Authors : Muzi Jin, Hui Wu, Wenliang Yang, Fei Hao, Dapeng Tai, Jianlong Yuan, Asga , Ming Cang, Xudong Guo and Dongjun Liu
Abstract: Research on the embryonic stem cells of large livestock has recently attracted the attention of scholars. However, it is difficult to keep goat embryonic stem cells in an undifferentiated state during cell passaging in culture. In this study, fertilized embryos of Arbas cashmere goats were obtained by superovulation in vivo. The key issues in the culture of Arbas cashmere Goat Embryonic Stem Cells (AgESCs) were explored: the addition of differentiation-inhibiting factors, the selection of medium as well as the passaging, cryopreservation and thawing methods used. This study found that high-quality in vivo fertilized embryos could be cultured in either serum-containing medium or serum-free medium and that AgESCs could be passaged in either medium for 30 generations. The mechanical method was superior to the trypsin digestion method for passaging AgESCs.
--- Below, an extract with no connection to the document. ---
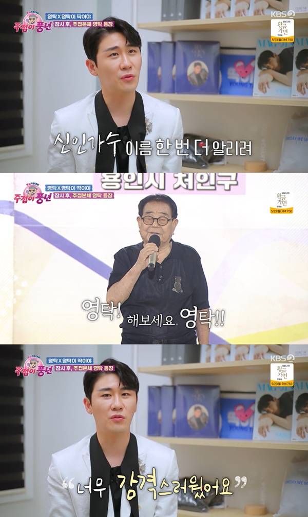 19일 방송된 KBS2 예능프로그램 '팬심자랑대회 주접이 풍년 (이하 '주접이 풍년')에서는 트로트 가수 영탁이 국내 최장수 MC 송해 덕분에 가수가 되었다는 사연을 전했다.

There was no change before and after cryopreservation and thawing with regard to AgESC morphology, alkaline phosphatase staining, the formation of embryoid bodies, immunofluorescence staining or the PCR detection of pluripotency factors. Finally this study provides the experimental basis for the establishment of goat embryonic stem cell lines.
Muzi Jin, Hui Wu, Wenliang Yang, Fei Hao, Dapeng Tai, Jianlong Yuan, Asga , Ming Cang, Xudong Guo and Dongjun Liu, 2013. The Culture of Embryonic Stem Cells Derived from in vivo Fertilized Embryos of Arbas Cashmere Goats. Journal of Animal and Veterinary Advances, 12: 1021-1031.